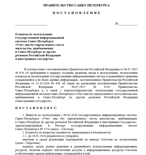До 16 февраля комитету по вопросам законности, правопорядка и безопасности поручено разработать и утвердить перечень и сроки реализации мероприятий по выводу системы из эксплуатации. Также предстоит определить порядок обеспечения доступа к информационным ресурсам ГИС и защиты информации, содержащейся в ней.
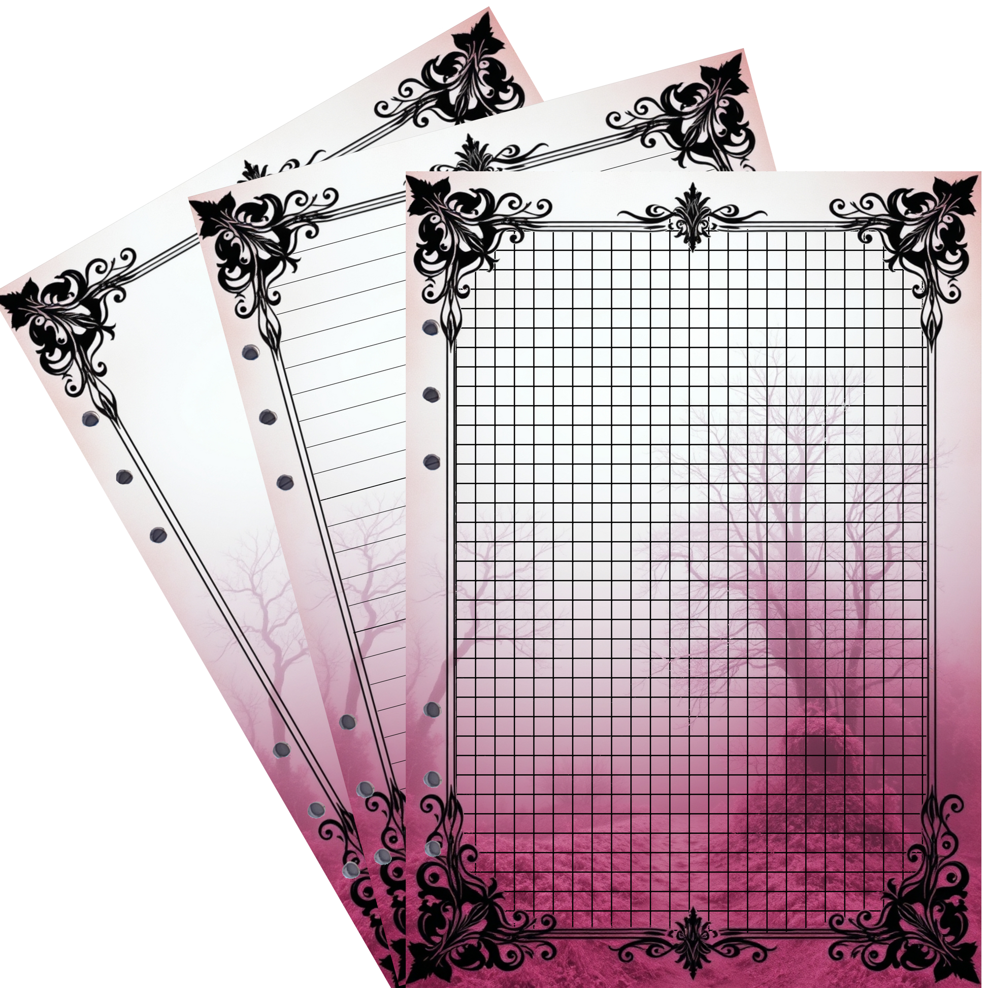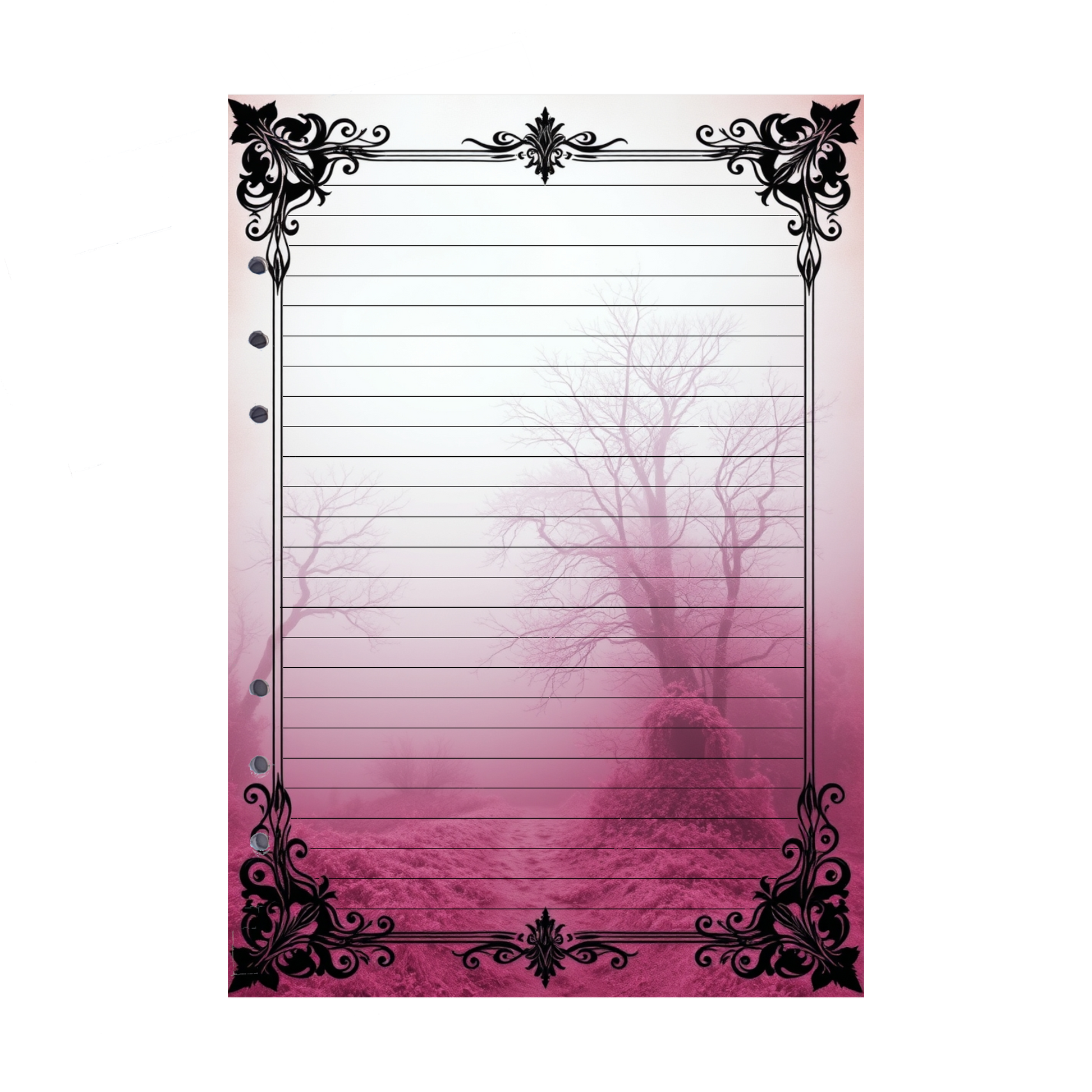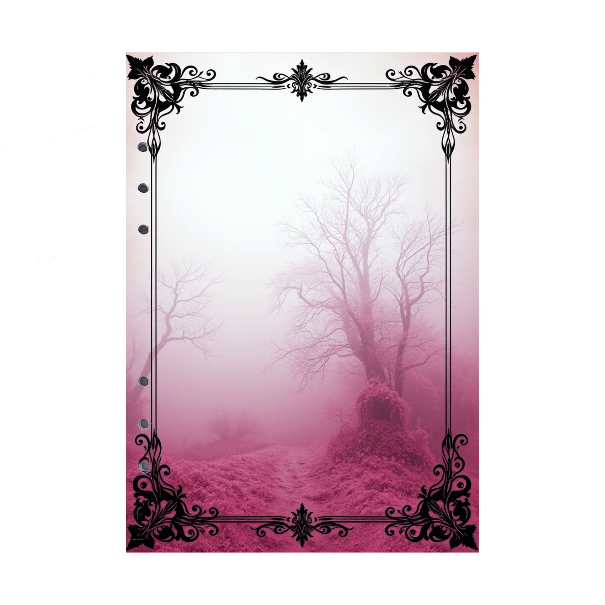 Erleben Sie die Magie eines geheimnisvollen Waldes mit den Mystic Fog 95-Ringbucheinlagen im DIN A5-Format. Der schmal bewachsene Weg durch unberührten Wald erscheint in sanftem Pink und wird von einem dichten, rosa Nebel umhüllt, der eine mystische Atmosphäre schafft. Lassen Sie sich von dieser einzigartigen Szenerie inspirieren, während Sie Ihre Gedanken und Ideen festhalten.
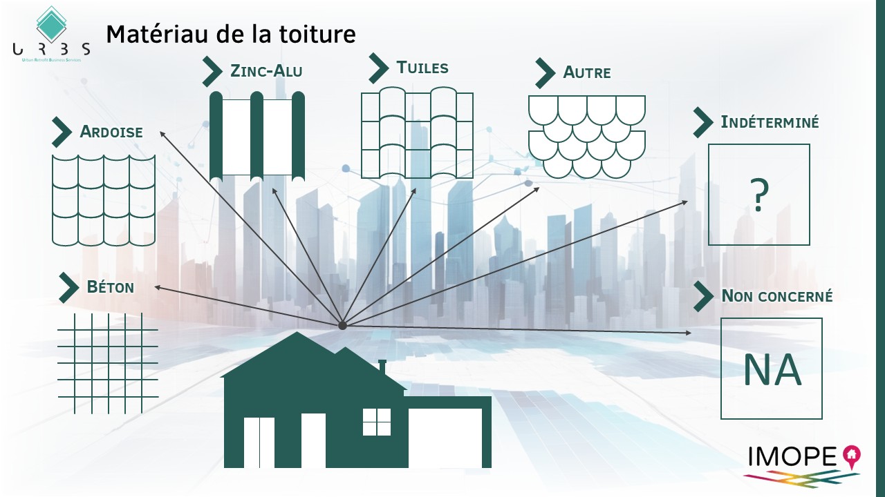 La figure ci-dessous explicite les différents matériaux retenus dans IMOPE. Pour chaque adresse, le matériaux majoritaires (en nombre de logements) est conservé parmi : Tuiles, Ardoises, Zinc, Béton, Autre, Indéterminé.
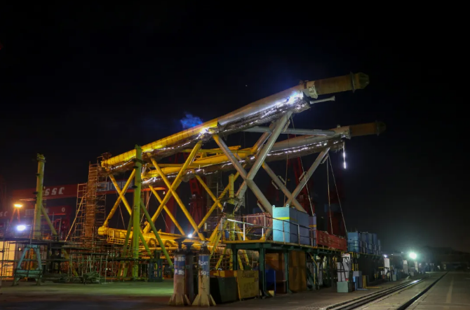 吸力筒导管架风机基础交付后将用于广东省阳江市阳西县沙扒湾300兆瓦海上风电项目。
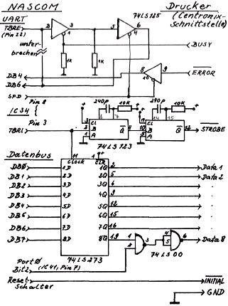 Viele billige Drucker,z.B. der EPSON MX-80 oder der SEIKO GP-80,haben standardmäßig eine Centronix-Schnittstelle und bieten eine Nascom-kompatible serielle Schnittstelle nur gegen Aufpreis (250 Mark). Wer das bezahlt, ist selbst schuld. Man kann natürlich aus beiden Ports der PIO eine Parallelschnittstelle softwaremäßig aufbauen. Dann sind jedoch die leistungsfähigen X-Befehle von T4 oder NAS-SYS nicht ausgenutzt, und man muß die ganze Software mit neuen Druckprogrammen versehen. Ich habe für den Anschluß meines Seiko-Druckers eine andere Lösung gewählt: eine Centronix-Schnittstelle wurde aus 4 TTL-IC’s aufgebaut und parallel zu dem UART geschaltet.
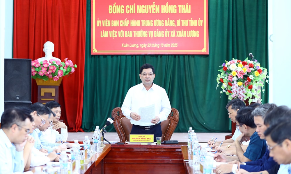 Báo Đại biểu nhân dân đưa tin: Bí thư tỉnh ủy Nguyễn Hồng Thái đã làm việc với Ban Thường vụ Đảng ủy xã Xuân Lương để nắm tình hình, kết quả thực hiện nhiệm vụ chính trị của xã và nhiệm vụ trọng tâm trong thời gian tới.
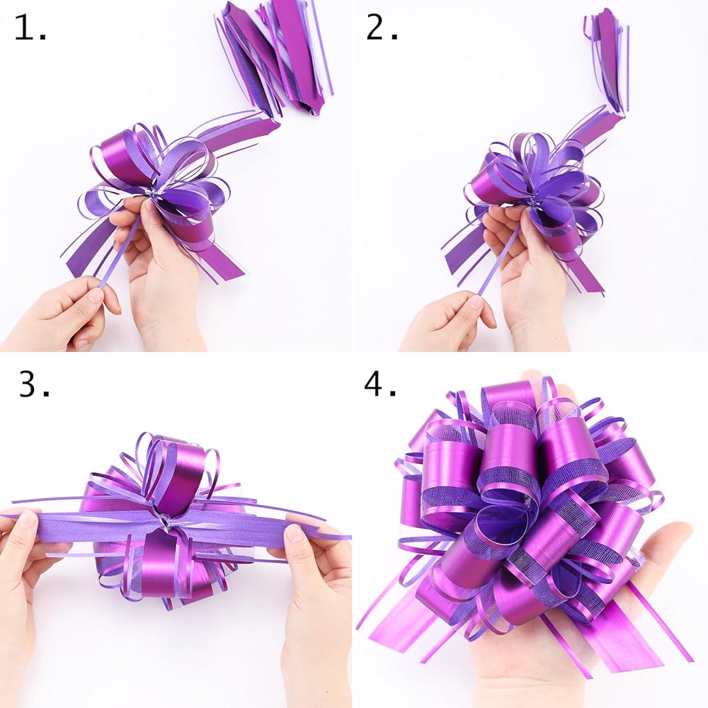 سهلة الاستخدام: يتكون كل قوس سحب من 8 قطع من أجزاء القوس الصغيرة التي يتم تثبيتها بإحكام بواسطة حلقات بلاستيكية. بعد فتح الأقواس، يمكنك العثور على شريطين رفيعين وسحبهما ببطء، ثم أخذ عقدة ثم الانتهاء من ربطة الشريط الجميلة. (يمكنك اتباع الخطوات الموجودة في صورة التجميع.)
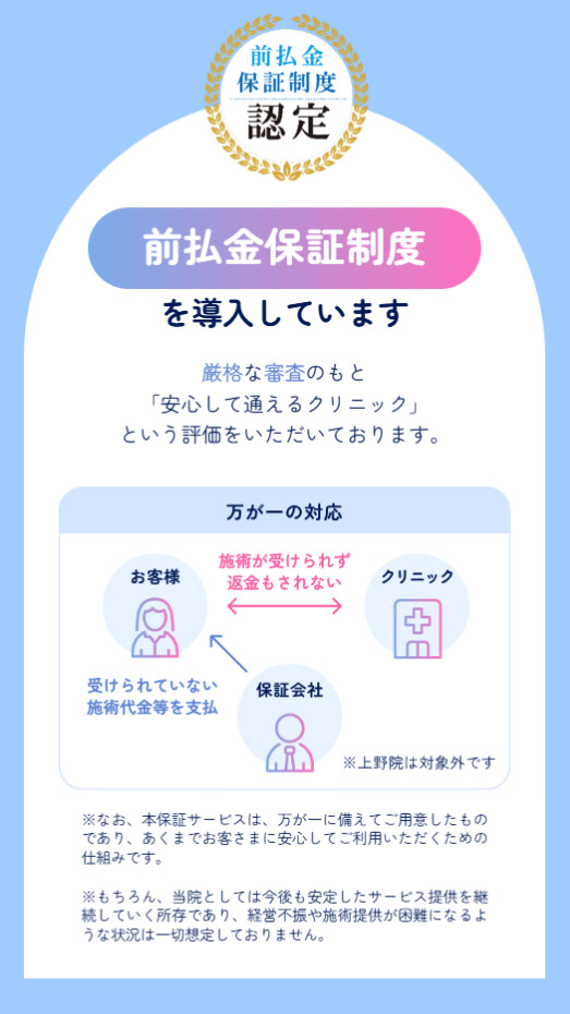 そこで、フレイアクリニック契約を検討している方の懸念を不安を解消するため、「前払金保証制度」を導入しました。

● ● ● ●

In your reply, please print exactly the lines from the one with "سهلة الاستخدام: يتكون" through the final line of the listing above, both included, and no pictures.

**OUTPUT FOR THIS EXERCISE:**
 سهلة الاستخدام: يتكون كل قوس سحب من 8 قطع من أجزاء القوس الصغيرة التي يتم تثبيتها بإحكام بواسطة حلقات بلاستيكية. بعد فتح الأقواس، يمكنك العثور على شريطين رفيعين وسحبهما ببطء، ثم أخذ عقدة ثم الانتهاء من ربطة الشريط الجميلة. (يمكنك اتباع الخطوات الموجودة في صورة التجميع.)
 そこで、フレイアクリニック契約を検討している方の懸念を不安を解消するため、「前払金保証制度」を導入しました。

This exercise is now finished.